__WHAT YOU ARE ASKED TO DO__: When you copy from the entries that follow, take only the lines from the one with "Bomboniera in pvc" down to the one with "Feel Better Fast", keeping both ends and dropping every picture.

__SUPPLIED RECORDS__:
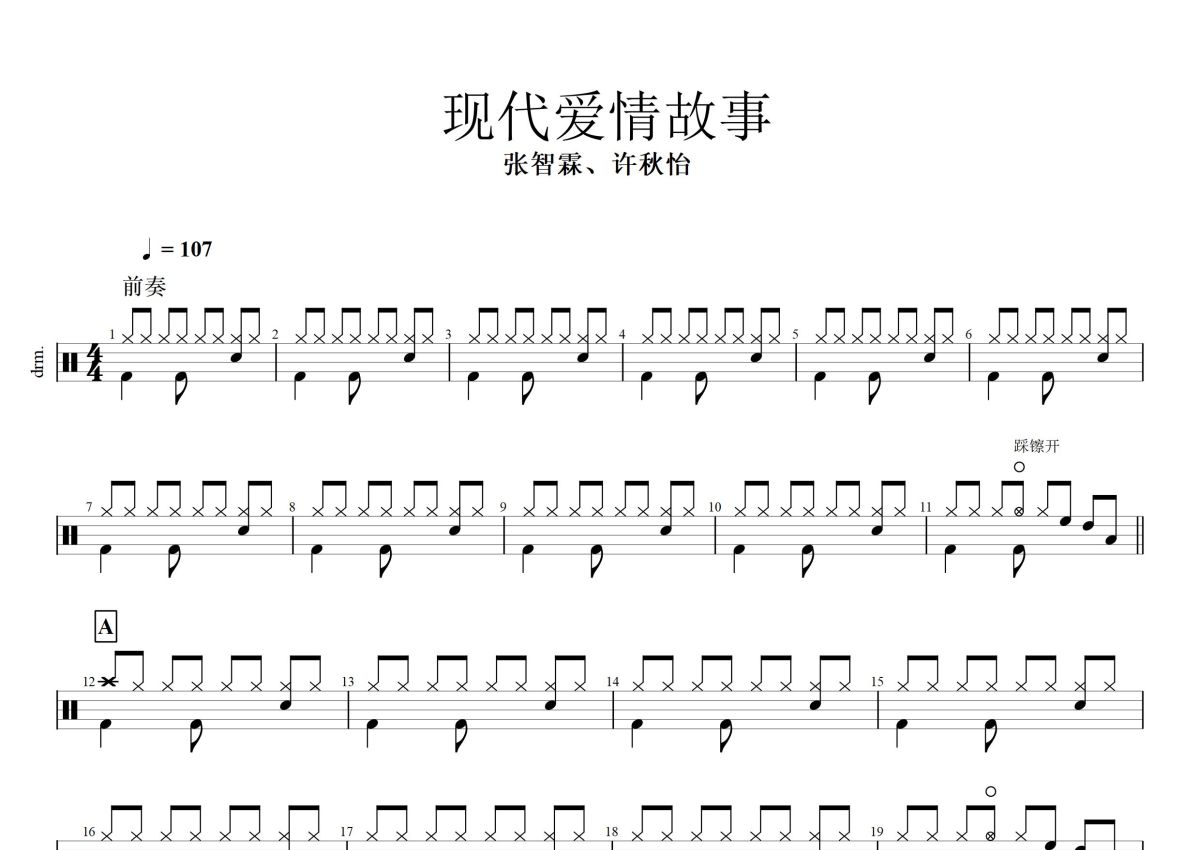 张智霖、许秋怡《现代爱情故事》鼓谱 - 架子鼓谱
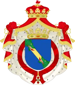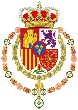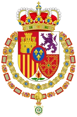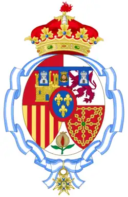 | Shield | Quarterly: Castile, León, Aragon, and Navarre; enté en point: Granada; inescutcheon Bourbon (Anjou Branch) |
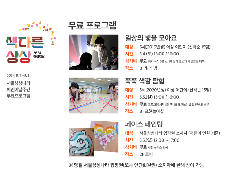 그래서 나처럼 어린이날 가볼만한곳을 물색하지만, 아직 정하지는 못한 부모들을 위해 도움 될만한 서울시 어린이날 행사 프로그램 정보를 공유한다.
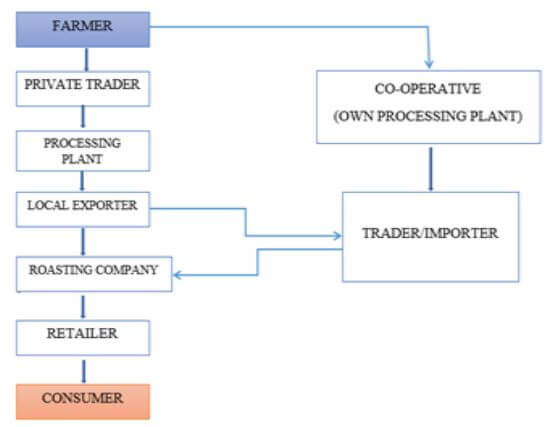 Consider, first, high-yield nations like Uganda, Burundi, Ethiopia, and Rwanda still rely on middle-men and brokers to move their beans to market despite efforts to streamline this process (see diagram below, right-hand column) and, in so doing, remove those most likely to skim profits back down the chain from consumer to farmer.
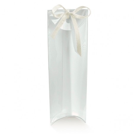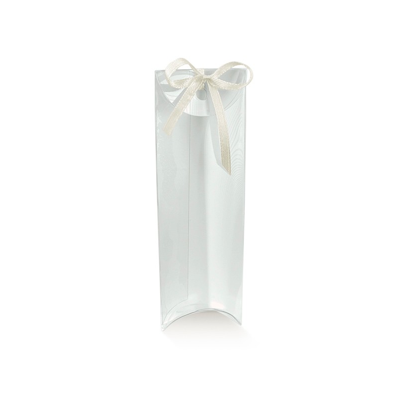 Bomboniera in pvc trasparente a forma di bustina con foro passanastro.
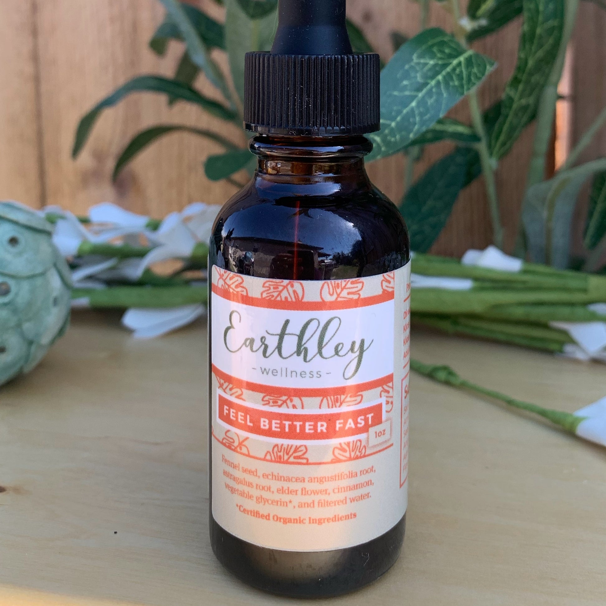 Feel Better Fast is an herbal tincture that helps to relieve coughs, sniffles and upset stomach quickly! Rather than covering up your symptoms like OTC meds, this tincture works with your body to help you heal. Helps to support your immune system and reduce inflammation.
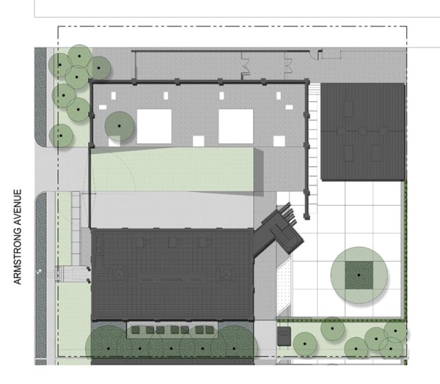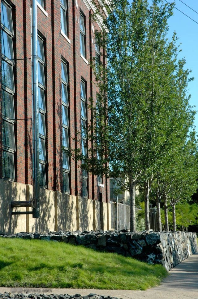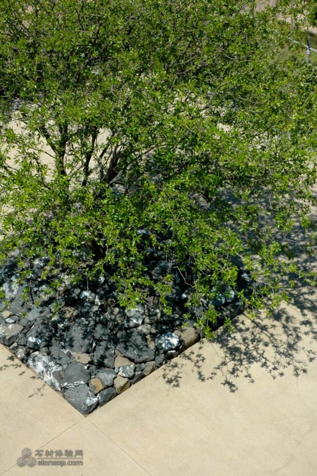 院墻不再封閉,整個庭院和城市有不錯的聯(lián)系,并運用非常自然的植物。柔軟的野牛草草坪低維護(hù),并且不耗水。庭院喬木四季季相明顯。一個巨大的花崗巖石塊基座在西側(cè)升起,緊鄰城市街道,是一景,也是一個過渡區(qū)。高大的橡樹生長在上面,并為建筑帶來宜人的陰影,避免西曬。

__EXERCISE ANSWER__:
 Bomboniera in pvc trasparente a forma di bustina con foro passanastro.
 Feel Better Fast is an herbal tincture that helps to relieve coughs, sniffles and upset stomach quickly! Rather than covering up your symptoms like OTC meds, this tincture works with your body to help you heal. Helps to support your immune system and reduce inflammation.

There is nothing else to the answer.